◆ WHAT IS REQUIRED ◆
Write out the records below from the first line through the line containing "African american hooligan", leaving out any pictures.

-- Opening Marker --

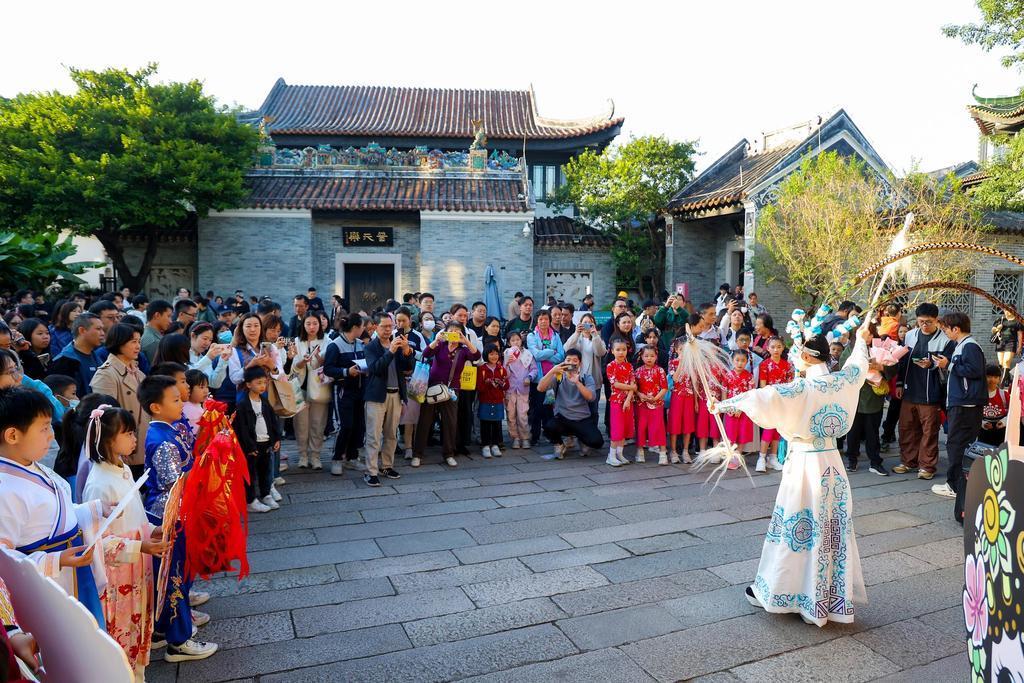 据了解,荔湾区近年来积极推动粤剧粤曲(荔湾)文化生态保护实验区建设,促进粤剧粤曲艺术的创造性转化、创新性发展,逐渐形成“红豆生辉”青少年粤剧粤曲展演、穗港澳粤剧日、“粤韵同声”粤曲展演等品牌,持续鼓励各地青少年广泛参与,支持参赛作品创新融合,吸引不少青少年接触粤剧、了解粤剧、热爱粤剧。本次活动也是广府童谣嘉年华系列活动之一,其中“粤韵巡游”成为一大亮点。区别于以往的室内展演,这次活动加入“巡游”形式。巡游队伍沿着荔枝湾涌一路行进,“小红豆们”在多个地点进行定点表演,吸引不少市民游客驻足拍照。
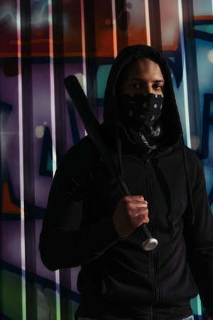 African american hooligan holding baseball bat and looking at camera near graffiti on urban street
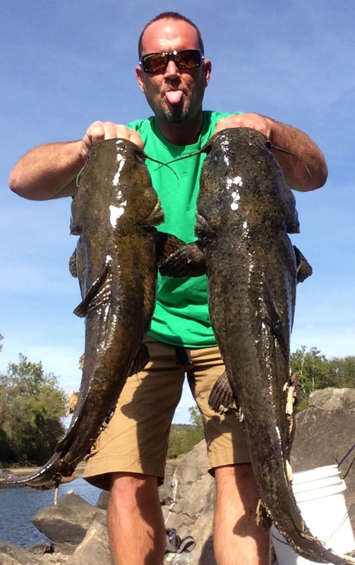 Made the switch to Catfishing around noon. The bite started out slow but then "BOOM", it happened. Here a Flathead, there a Flathead and then a double header Flathead. These 2 Invasive bastards hit about 15 seconds apart, good times! ![]() So I'm reeling in the 1st fish from the double header, the other rod goes off. This is a much larger fish. I put the rod with the smaller fish in between my legs so I can play with the bigger fish. Head shakes, drag ripping runs, damn thing didn't want to come in. It wasn't the biggest Flathead by any means but man was she pissed. Once they see the sunlight they get really, really angry. Ok, so I land the big one! 32 inches or so, about 15 lbs! The other rod is still dancing between my my legs and I land them both without breaking anything. The other fish is around 27-28 inches and 8+ lbs give or take. Ya had to be there to see this freak show live. It was just comical trying to keep both rods under control without falling and splitting my head open on the jagged rocks, LOL! Good times!!! Total fish for the trip was, 5 Flatheads, 2 @ 7-8 lbs, 1 @ 15 lbs possibly bigger, 2 cookie cutter Flatheads @ 3-4 lbs and 2 cookie cutter Channels that need to go grow some more! I didn't get much of a fight out of the Channels, silly little 2-3 lbers eating giant baits. What were you thinking? All fish caught from 1-5 pm this afternoon! Action died when alot of jet boats came racing up and down the river for no apparent reason! ![]() TIGHT LINEZ!!! ![]()
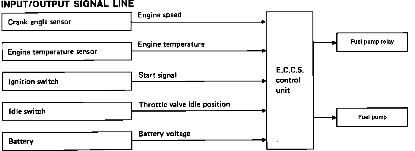 The ECU controls the voltage supplied to the fuel pump through a relay and through a separate circuit. The relay is only used in the "Back-Up Mode". Refer to BACK-UP SYSTEM for further description.
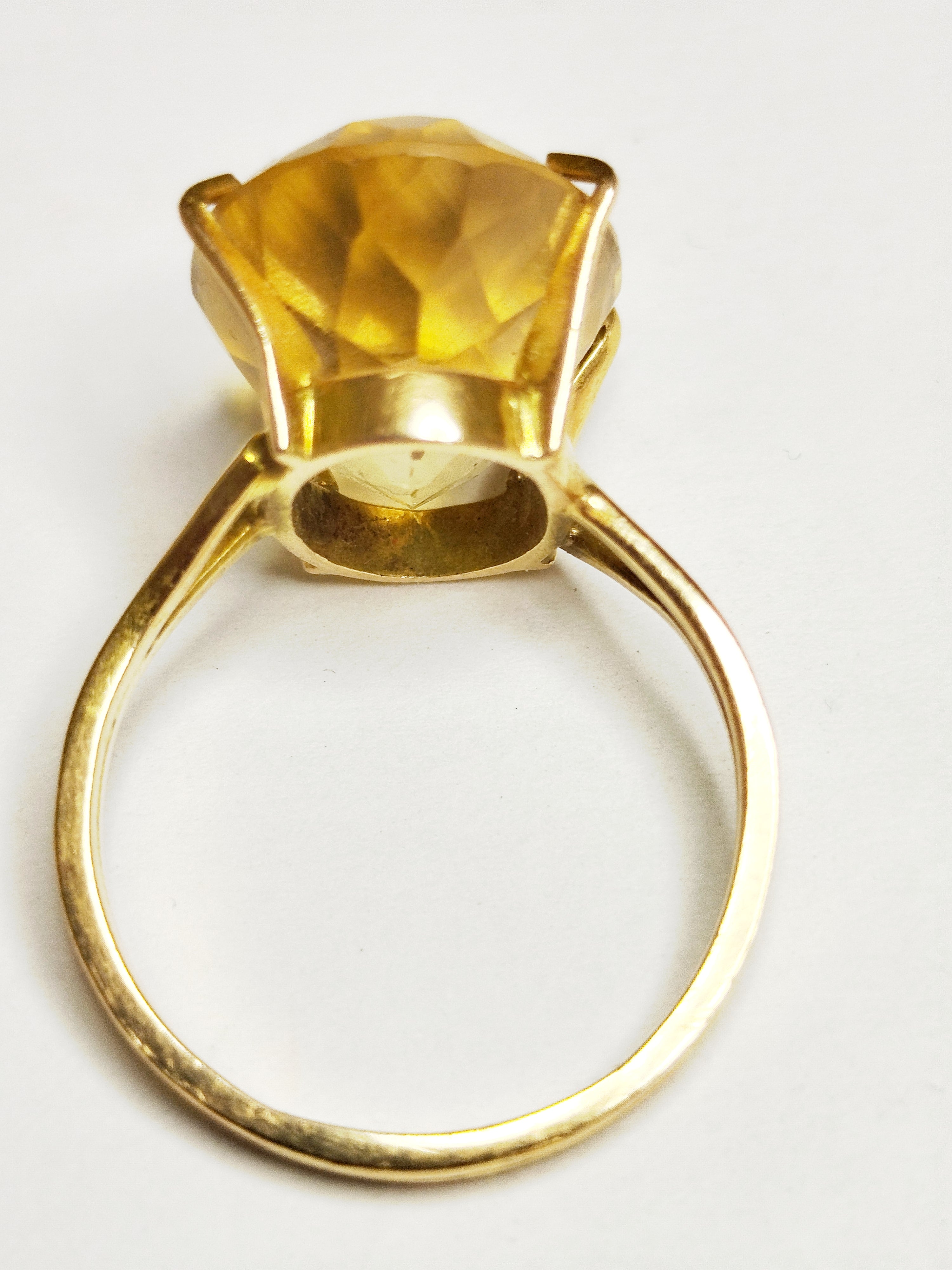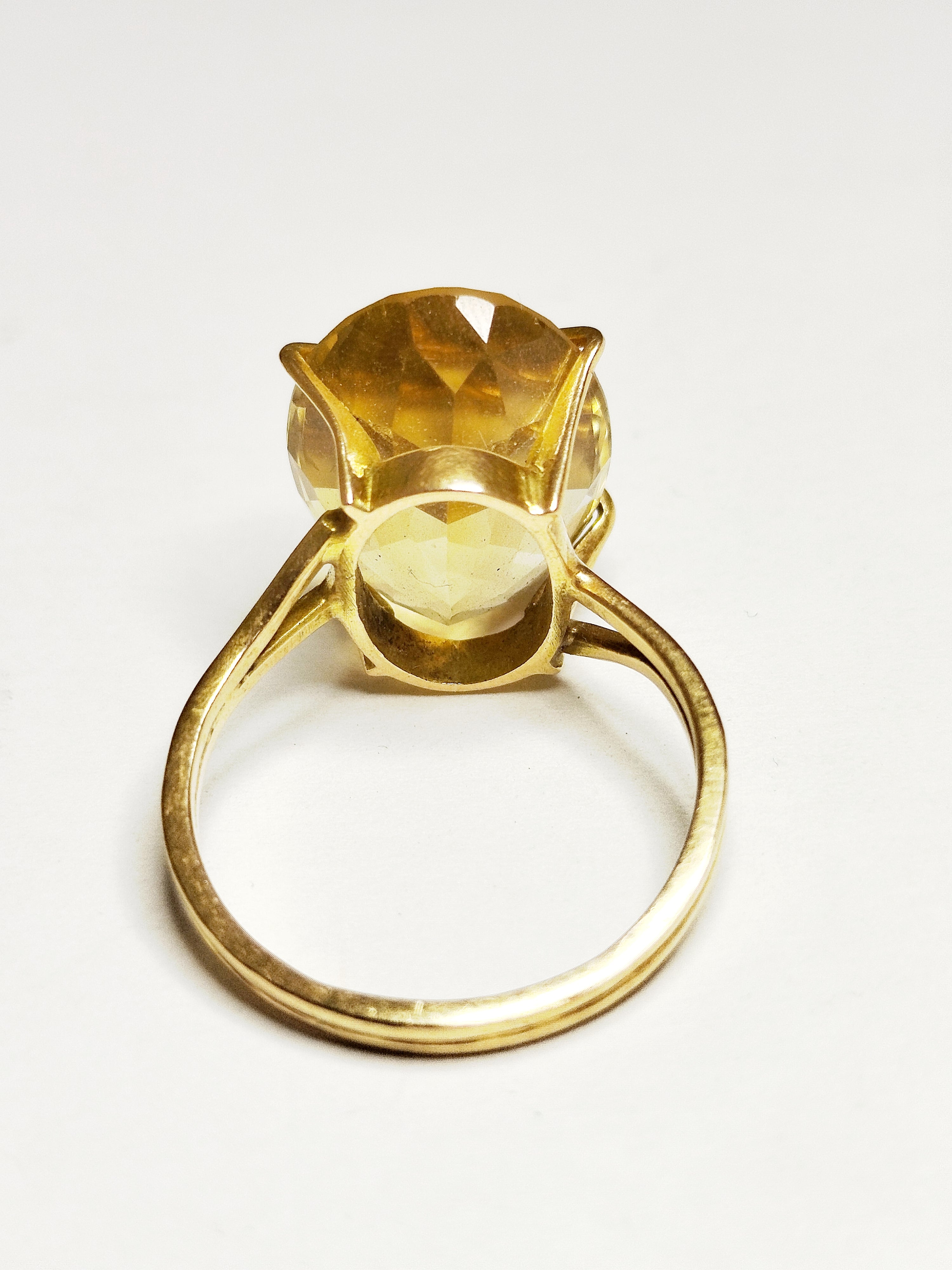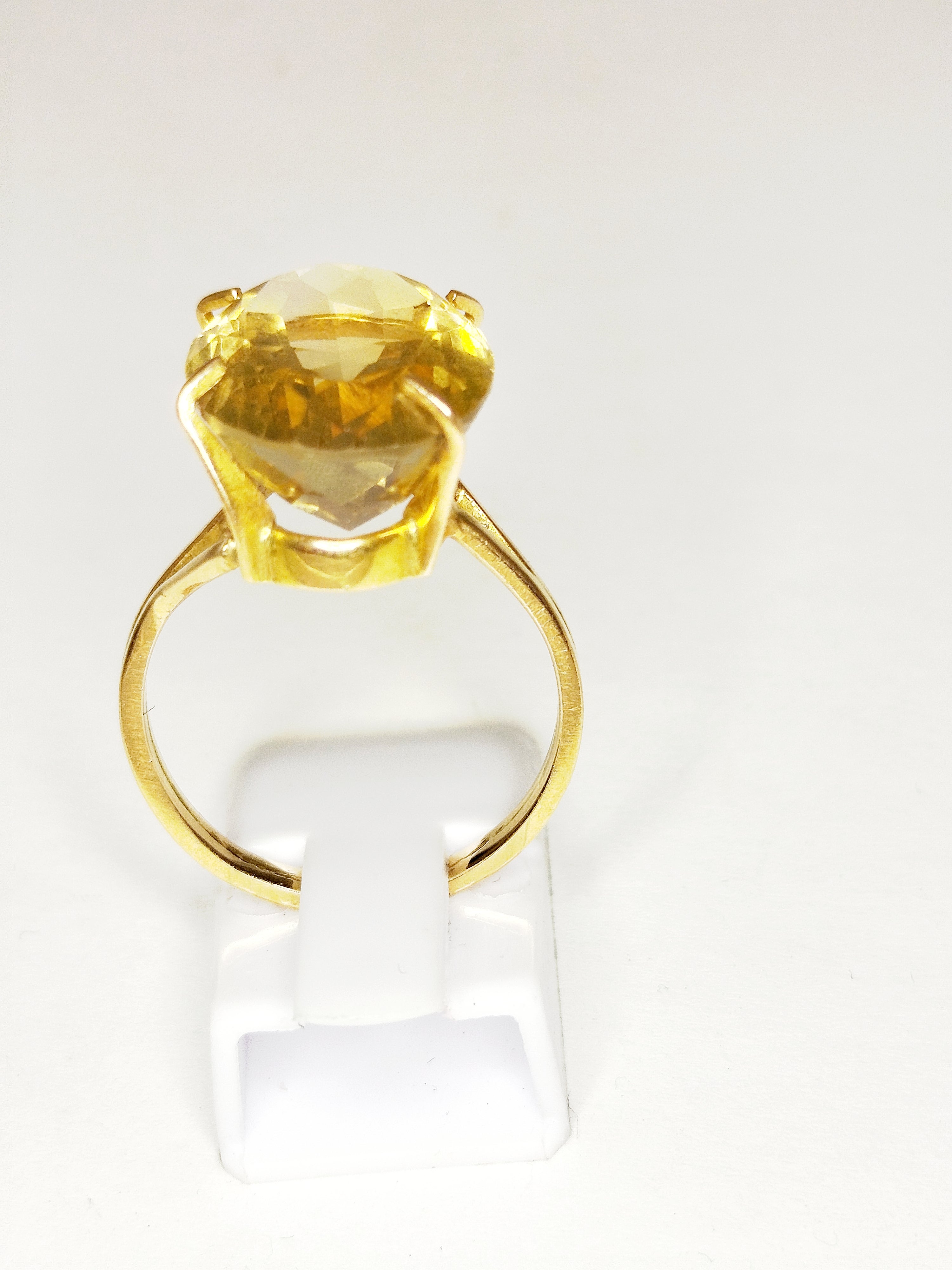 Bague empierrée en or jaune 18 carats (750/1000), de taille 59, ornée d’une citrine. Elle pèse 5,87 grammes et ne comporte pas de poinçon. L’ensemble est en très bon état.
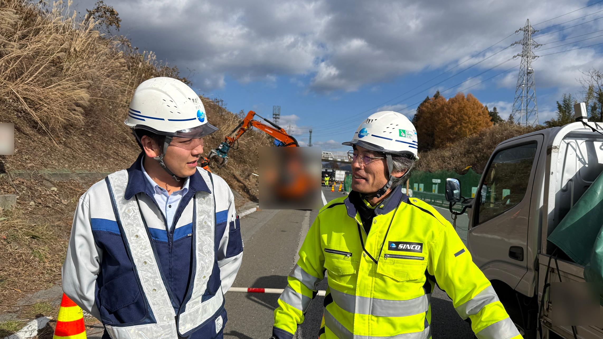 サイドミラーによって余計に距離感が掴みにくい状況で、標識車の運転手は苦労していました。

-- Closing Marker --

◆ TASK OUTPUT ◆
 据了解,荔湾区近年来积极推动粤剧粤曲(荔湾)文化生态保护实验区建设,促进粤剧粤曲艺术的创造性转化、创新性发展,逐渐形成“红豆生辉”青少年粤剧粤曲展演、穗港澳粤剧日、“粤韵同声”粤曲展演等品牌,持续鼓励各地青少年广泛参与,支持参赛作品创新融合,吸引不少青少年接触粤剧、了解粤剧、热爱粤剧。本次活动也是广府童谣嘉年华系列活动之一,其中“粤韵巡游”成为一大亮点。区别于以往的室内展演,这次活动加入“巡游”形式。巡游队伍沿着荔枝湾涌一路行进,“小红豆们”在多个地点进行定点表演,吸引不少市民游客驻足拍照。
 African american hooligan holding baseball bat and looking at camera near graffiti on urban street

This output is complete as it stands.